◆ **Requirement**: When the data below is printed, every line must match exactly and the images must be absent.

Segment Open

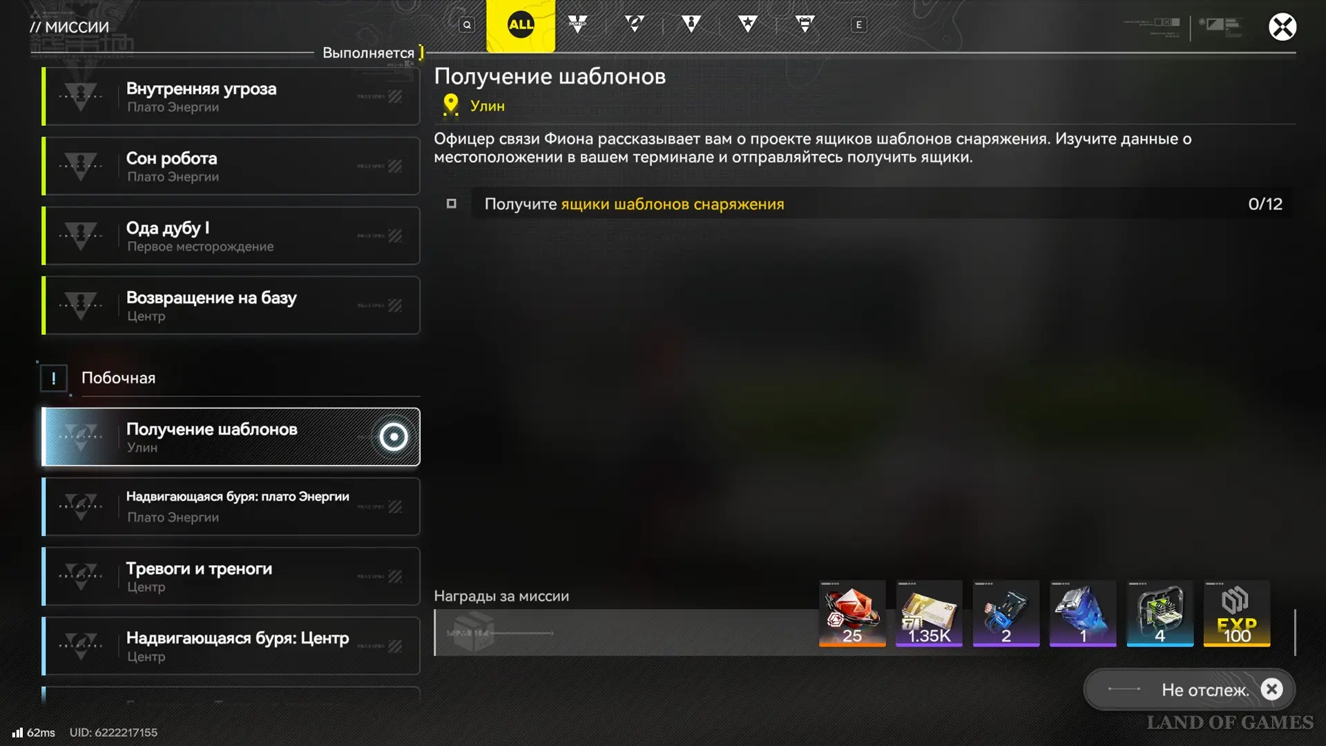 Квест «Получение шаблонов» появляется в списке миссий сразу после разговора с Лянь Сяоу: Эндмину поступит сообщение от Фионы, которая отчитается о готовности партии ящиков и предложит отправиться к отмеченным на терминале местам. В условиях миссии будет отображаться прогресс сбора 12-ти ящиков шаблонов снаряжения – местонахождение каждого из них мы разберем ниже.
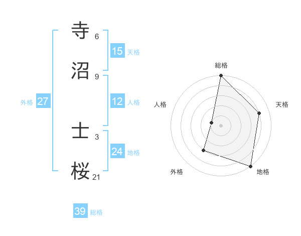 寺沼 士桜さんを姓名の画数から五運を鑑定
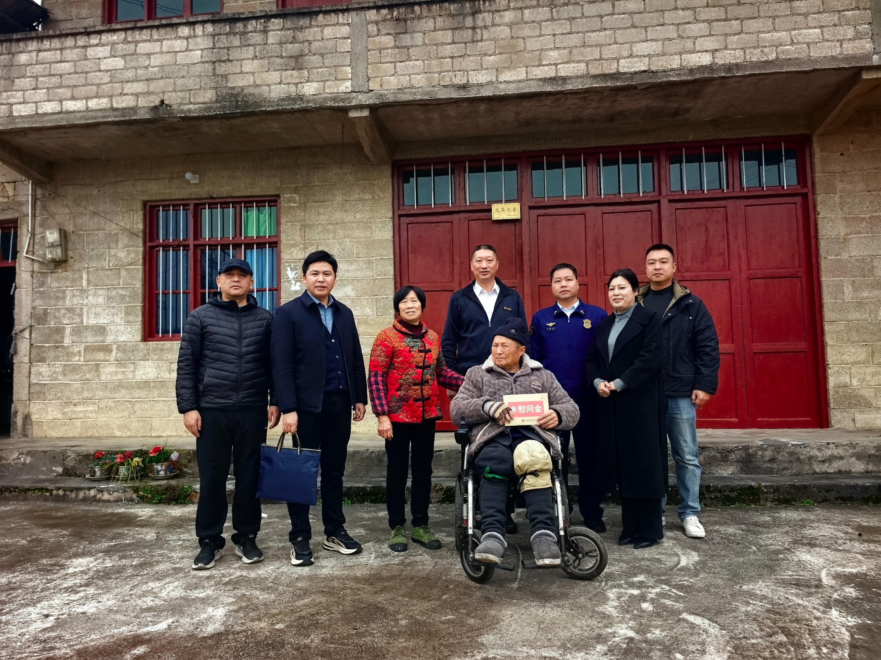 本次慰问的退役军人分别为:伍老兵,70岁,在部队因表现突出立功受奖,退役后积极参与地方建设;2023年突发脑溢血导致重度残疾,长期卧床需轮椅辅助。杨老兵,37岁,2009年至2011年服役于武警某部,未婚;年仅11岁时父母至亲离世,与年幼妹妹相依为命;2025年12月,确诊为恶性黑色素肿瘤并升级,需长期服药。黄老兵,69岁,患尿毒症,现每周透析三次,医疗费用较高;爱人患糖尿病,需长期服药;儿子36岁未婚,无稳定工作。黄老兵,67岁,患冠心病、高血压等病多年;妻子63岁,在家照顾老人;两女外嫁,夫妇二人无固定收入来源。
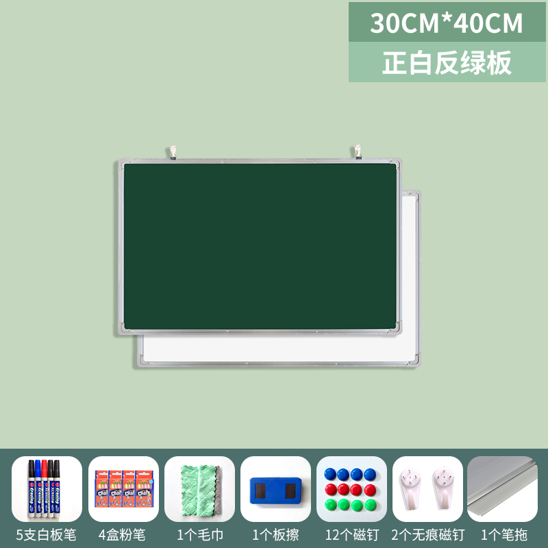 • 블랙 프레임 30*40 양면 그린 보드에는 분필 4박스, 지우개 1개, 자석 12개, 수건 2개가 포함되어 있습니다.
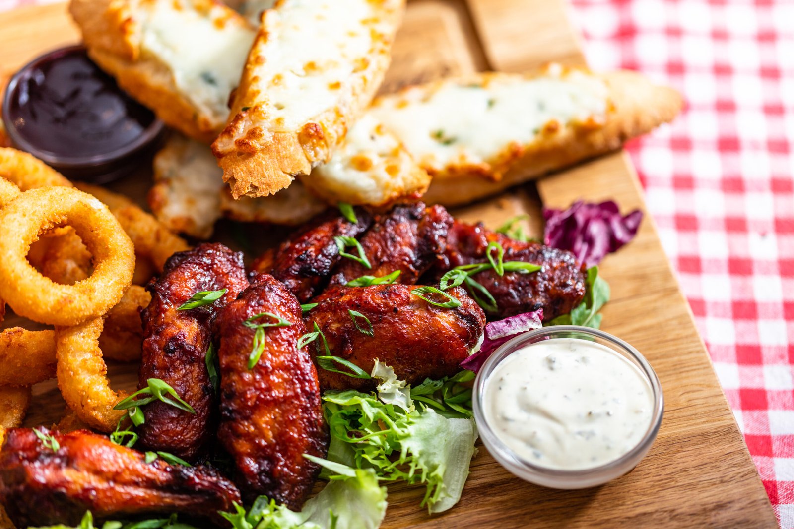 | Part of a larger spread | 4β6 pieces | Wings are one of many snack options |
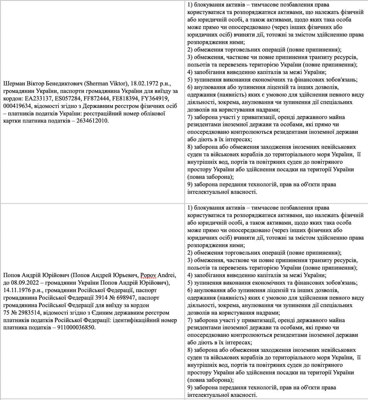 13:24 Президент Украины Владимир Зеленский продлил санкции СНБО против ряда бизнесменов, в том числе украинских, а также ряда украинских компаний, связанных, судя по всему, с указанными лицами.
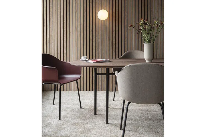 Play with the different shades of red, such as the Menu Harbour chair in burned red ($498). Its sleek form is super easy on the eyes too!

Segment Closed

◆ **Exercise solution**:
 Квест «Получение шаблонов» появляется в списке миссий сразу после разговора с Лянь Сяоу: Эндмину поступит сообщение от Фионы, которая отчитается о готовности партии ящиков и предложит отправиться к отмеченным на терминале местам. В условиях миссии будет отображаться прогресс сбора 12-ти ящиков шаблонов снаряжения – местонахождение каждого из них мы разберем ниже.
 寺沼 士桜さんを姓名の画数から五運を鑑定
 本次慰问的退役军人分别为:伍老兵,70岁,在部队因表现突出立功受奖,退役后积极参与地方建设;2023年突发脑溢血导致重度残疾,长期卧床需轮椅辅助。杨老兵,37岁,2009年至2011年服役于武警某部,未婚;年仅11岁时父母至亲离世,与年幼妹妹相依为命;2025年12月,确诊为恶性黑色素肿瘤并升级,需长期服药。黄老兵,69岁,患尿毒症,现每周透析三次,医疗费用较高;爱人患糖尿病,需长期服药;儿子36岁未婚,无稳定工作。黄老兵,67岁,患冠心病、高血压等病多年;妻子63岁,在家照顾老人;两女外嫁,夫妇二人无固定收入来源。
 • 블랙 프레임 30*40 양면 그린 보드에는 분필 4박스, 지우개 1개, 자석 12개, 수건 2개가 포함되어 있습니다.
 | Part of a larger spread | 4β6 pieces | Wings are one of many snack options |
 13:24 Президент Украины Владимир Зеленский продлил санкции СНБО против ряда бизнесменов, в том числе украинских, а также ряда украинских компаний, связанных, судя по всему, с указанными лицами.
 Play with the different shades of red, such as the Menu Harbour chair in burned red ($498). Its sleek form is super easy on the eyes too!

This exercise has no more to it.